6度目の上演にして関西初上陸! 松田凌×神尾佑が新たなタッグで魅せる迫真のカナダの戯曲『Being at home with Claude~クロードと一緒に~』

6度目の上演にして関西初上陸! 松田凌×神尾佑が新たなタッグで魅せる迫真のカナダの戯曲『Being at home with Claude~クロードと一緒に~』

 カナダ・モントリオール、判事の執務室。36時間を超える取り調べの最後のおよそ2時間をリアルタイムで描く緊迫の会話劇『Being at home with Claude~クロードと一緒に~』は、2014年の日本初演以来、その衝撃的な内容と繊細な演技や上演ごとの異なる演出によって根強く支持されてきた。6度目の上演となる今回は、主役の「彼」を、本作品4度目の主演となる松田凌が。そして、膠着する取り調べの中に真実を見極めようとする刑事役を、初の参加となる神尾祐が演じる。

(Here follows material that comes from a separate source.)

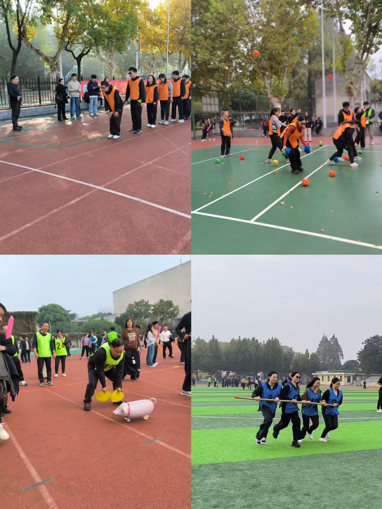 教职工赛场同样精彩纷呈。学院领导张涛院长、毛德波书记率先垂范,带领教职工在趣味运动会中连创佳绩:“沙包跨境对决”勇夺第一名,“持杆同步绕杆”获第二名,“聚力颠球绕杆”取得第三名,充分展现全院教职工的凝聚力与战斗力。

◆「昭和」の匂いがする役者 × 信じるものに間違いなし

 今回初共演となる二人。お互いの第一印象はどうだったのだろうか。

神尾「知り合いの舞台を観に行った時に初めてお会いしたんですが、こちらが拍子抜けするくらい丁寧にあいさつしてくれて、すごく礼儀正しい子だなと思いました」

松田「緊張していたんですよ。大先輩ですし、背も高いし、厳しい人だったらどうしようと思っていたんですが、すごく柔らかくて。“よかった~”と思いました。一気に距離が縮まりました」

 しかし、作品作りをしていく中で松田がみるみる意外性を現していったという。

神尾「彼くらいの年齢の役者さんて、僕の印象だとみんなスマートなんですよ。真面目で、お酒も飲まず、将来のことまで考えてちゃんとした生活をしている。彼も礼儀正しいですし、そっち系の子かなと思っていたんですが、話せば話すほど、掘れば掘るほど“大丈夫~!?”って。芝居見ててもあぶなっかしくて、刹那的で。それが魅力的だなぁと思います。そもそも僕が若いころなんかは“役者なんて社会不適合者がやるもの”みたいなところがありましたからね。だから“あ、なんだ、こっち側か”と。いい意味で昭和の匂いがしますよね。特に今回の「彼」という役は本当にあぶなっかしいですし。だから、見ていて面白いですよ」

 「反論の余地もありません。」と松田が笑う。

松田「僕から佑さんに対しては、印象が変わったというより、より深く“よかった”と思えたところがあります。自分が俳優になろうと思った時から憧れてきた世界で、その当時から第一線でやってる佑さんとこうして共演の機会をいただいて。演出の小山ゆうなさんと話している感じもそうですし、出してくるお芝居を間近で感じたり、生き方についてもいろいろ聞いて“やっぱり俺、間違ってなかったなぁ”って思えました。つかさんの舞台から始まって、映像でも活躍されて、そういう憧れを体現してくれている先輩がいるって思うと、やっぱり夢を見られるんですよね。僕は今が楽しいんですよ。生きてくその一日一日が。今は佑さんと芝居ができて、その日が楽しい。だから、佑さんを見ていて信じるものに間違いなしだなと思いました。」

◆まだるっこしいんですよね。でもそれが生っぽさを増幅させるんです

 一見正反対に見えた二人が和気藹々と会話を弾ませる。残る共演者、「速記者」「警護官」を交えた現場の雰囲気も気になるところだ。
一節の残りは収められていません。